Copy word for word the lines in the records below, starting at the line with "近日,连云港市教育局办公室公" and ending at the line with "Mogens Bjorn-Andersen small". Skip the pictures.

----

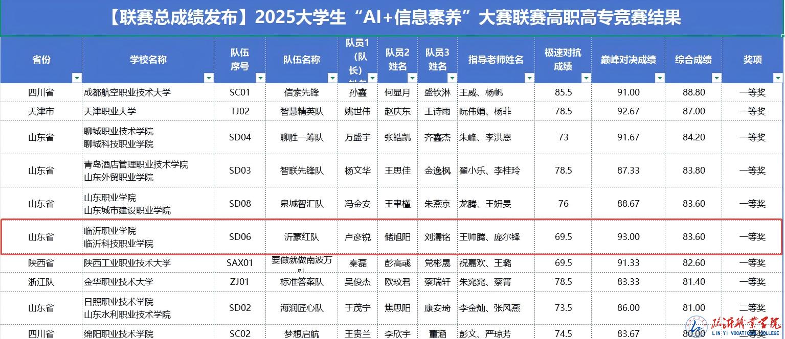 近日,2025年全国大学生(高职高专)“AI+信息素养”大赛联赛顺利落下帷幕。我校信息工程学院学生卢彦锐与临沂科技职业学院学生储旭阳、刘濡铭共同组建的“沂蒙红”队以全国并列第五名的综合成绩荣获一等奖,在“巅峰对决”答辩赛中成绩位列全国第一。
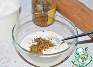 Смешать майонез (у меня домашний), йогурт и горчицу.
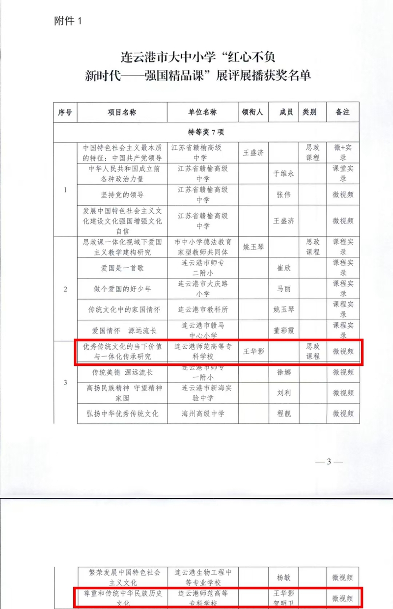 近日,连云港市教育局办公室公布了全市大中小学“红心不负新时代——强国精品课”展评展播获奖名单和优秀组织奖单位名单。院王华影老师贺明卫老师等奖集团获优秀组织奖。
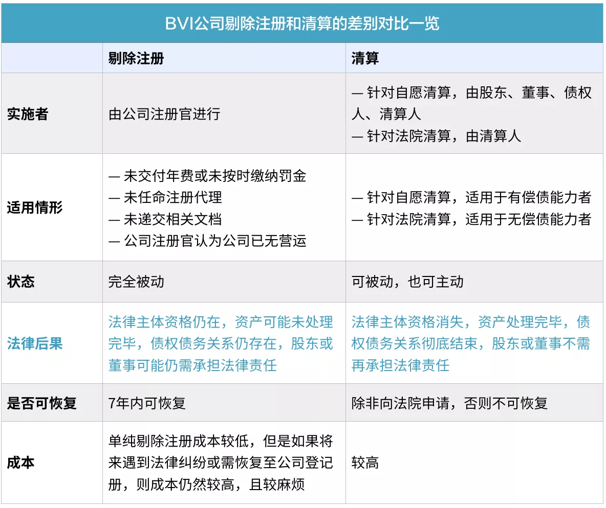 ? 由此可見,在解散一家BVI公司時(shí),需要慎重考慮選擇“剔除注冊(cè)”還是“清算”,二者法律責(zé)任不同,法律風(fēng)險(xiǎn)更是迥異。相對(duì)而言,剔除注冊(cè)的法律風(fēng)險(xiǎn)更高。
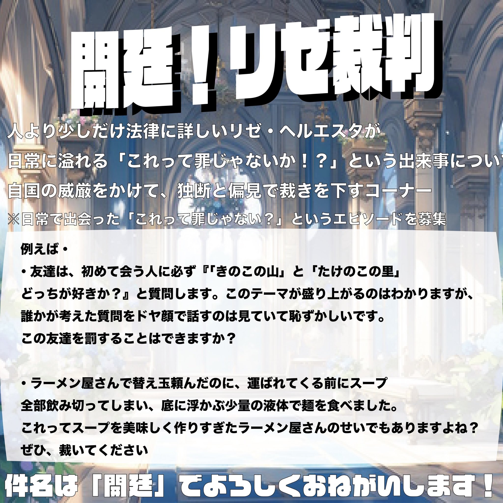 オールナイトニッポン公式Xによれば、「開廷!リゼ裁判」「リゼ様の皇室教室」の2コーナーを予定しており、2コーナーに関するメールを募集しているとのこと。
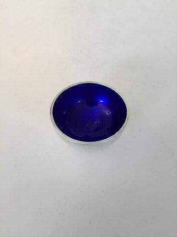 Mogens Bjorn-Andersen small dish with blue Enamal work Birkerod. Measures 5,5cm dia and 3cm high. In good condition, a little scrop on the rim and a monogram/decoration on the side.
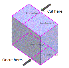 | The two sweep bodies each have a face and its opposite face with a many-to-one relationship. The opposite faces are shared. The faces and the shared opposite face are highlighted. |
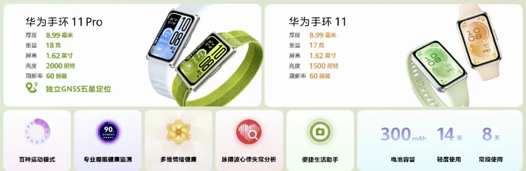 此次同步发布的手环11系列,同样区分配置与价格:基础版售价269元起,显示面积较上一代增加27%,支持实况窗提示、遥控拍照、来电提醒,以及睡眠、心理、呼吸、血氧饱和度等多维度健康监测,满足大众基础需求。
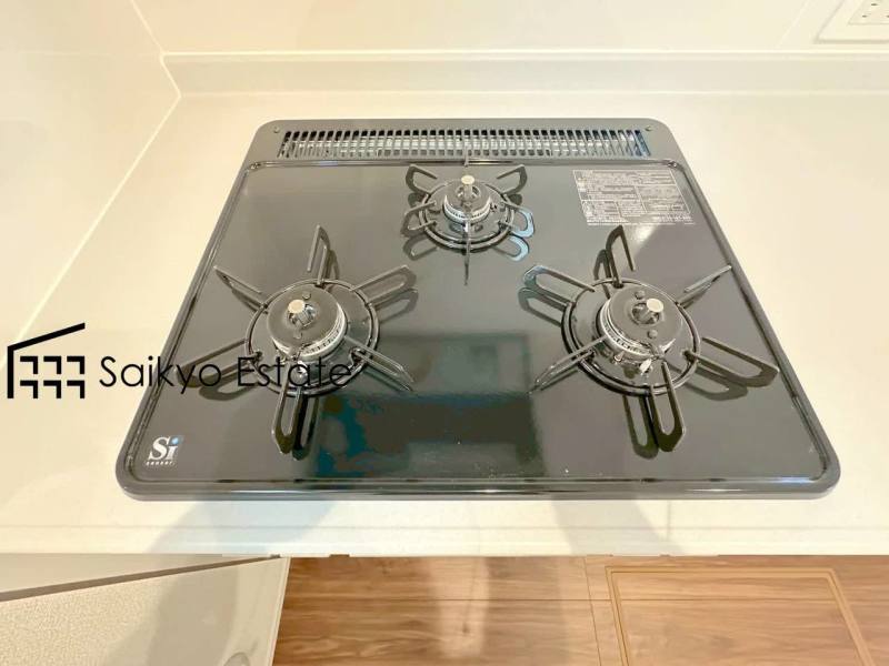 「3口ガスコンロシステム」はたくさんの料理が同時に作れて便利な上、凹凸が少ないフラットトップなのでお掃除も楽々です。
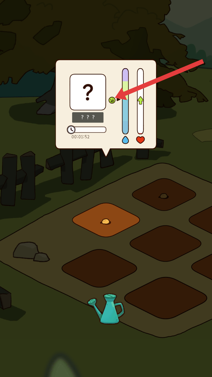 2、將種子種到土地后,會出現(xiàn)顯示生長狀態(tài)的面板,能看到水分、愛心等指標(biāo),需關(guān)注這些指標(biāo)來照料作物。
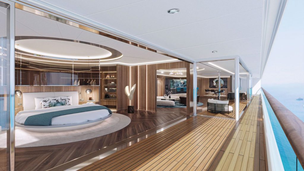 The world’s first “yacht liner” is finally ready for her close-up. The gigantic 728-foot Somnio, which is something of a cross between a cruise ship and a superyacht, was unveiled to the public earlier this year without any images of the interior. Recently, the first, official renders of the lavish living quarters were revealed, and, boy, it was worth the wait.
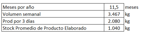 Enfriado: se realiza el enfriado al aire libre, este proceso se hace en dos etapas del sistema productivo. Las dos veces se hace a la salida de los hornos. La primera tarda 150 minutos, y se realiza en un carros con varios estantes optimizando el lugar de esta actividad. Luego hay un segundo enfriamiento que tarda 12 minutos. Este proceso va un lote más atrasado, es decir como los tiempos de enfriado son los mínimos, los budines se pueden dejar enfriado toda la noche.
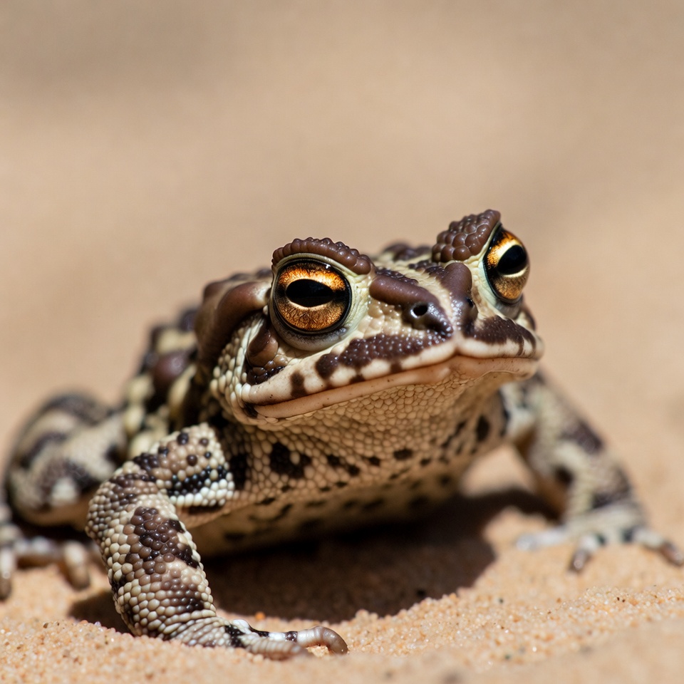 amphibian, animal, brown toad, bumpy skin, closeup, desert, frog, isolated background, nature, orange eyes, outdoors, sandy ground, spots, tan skin, textured skin, wildlife, toad

----

**YOUR SOLUTION**:
 近日,连云港市教育局办公室公布了全市大中小学“红心不负新时代——强国精品课”展评展播获奖名单和优秀组织奖单位名单。院王华影老师贺明卫老师等奖集团获优秀组织奖。
 ? 由此可見,在解散一家BVI公司時(shí),需要慎重考慮選擇“剔除注冊(cè)”還是“清算”,二者法律責(zé)任不同,法律風(fēng)險(xiǎn)更是迥異。相對(duì)而言,剔除注冊(cè)的法律風(fēng)險(xiǎn)更高。
 オールナイトニッポン公式Xによれば、「開廷!リゼ裁判」「リゼ様の皇室教室」の2コーナーを予定しており、2コーナーに関するメールを募集しているとのこと。
 Mogens Bjorn-Andersen small dish with blue Enamal work Birkerod. Measures 5,5cm dia and 3cm high. In good condition, a little scrop on the rim and a monogram/decoration on the side.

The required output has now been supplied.